Dashed lines in the graphs are the individual components (acceleration: a, Drag: D, friction and rolling risistance: f&r), solid cyan lines are the totals; solid magenta lines are totals minus acceleration, so representing the constant velocity Force and Power requirements. You can see how much the acceleration part actually contributes to the total Power requirements, and this model does not even take into account the (acceleration of) rotational masses (just needed a quick fix, might look at that later… well, probably not :D). Accelerating slower would lower Power demands, but running-space would become an issue then quickly. Even with 10 m/s^2 (about 1g), it takes about 100 m to accelerate from 0-160 km/h (100 mph). 0-200 km/h would take ~155 m… so accelerating slower would leave very little time for driving at top-speed (and getting a good reading of it out of a flimsy 1 Hz GPS logger to brag with on the interwebz :D).
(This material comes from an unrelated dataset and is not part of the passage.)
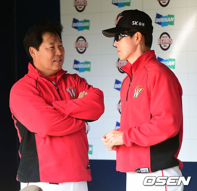 8일 오후 서울 잠실야구장에서 열리는 '2014 한국야쿠르트 세븐 프로야구' 두산 베어스와 SK 와이번스의 경기에 앞서 SK 이만수 감독과 성준 코치가 이야기를 나누고 있다.

Next step is taking into account system efficiency, also a bit of a ‘fudge factor’. After some tweaking and comparison with results of BrianG’s calculator model, I put efficiency at 69%. Main difference with the scriptasylum model is that that model seems to levy the friction and rolling resistance into the 'overall efficiency' (from input to usable output Power). If I put the friction and rolling resistance coefficients in my model on zero and take an overall efficiency of 63.7%, it seems to produce the same results as the online tool with electrical efficiency set to 85% and 4WD drive configuration - at least for the couple of speeds I checked, in the range that I’m interested in.

The graph below shows the electrical Power and Current (@6S) requirements as function of speed. Based on these approximations, at 6S, it would take about 217 A to get the 5 kg example car with 10 m/^2 to 160 km/h; sustaining that speed would only take 72 A. Continuing up to 200 km/h would take 315 A , plus/minus ~30 A for a kilo more or less and 135 A in steady state. Seems that beyond 160 km/h, things are becoming a bit more tricky.



Long story short: I guess it takes at least a 220-250A motor to be able to do 160 km/h (100 mph) comfortably and reliably with a low-profile 5 kg car on 6S, which also explains the premature death of my 106A Turnigy. I think gearing the Turnigy in your X0-1 for 100 km/h might even be on the heavy side for it Lizard, unless traction sucks and you can’t get near 10 m/s^2 acceleration... good thing it was only 10 bucks :).

Anyway, cheers!

Last edited by Dr_T; 06.19.2015 at 08:21 AM.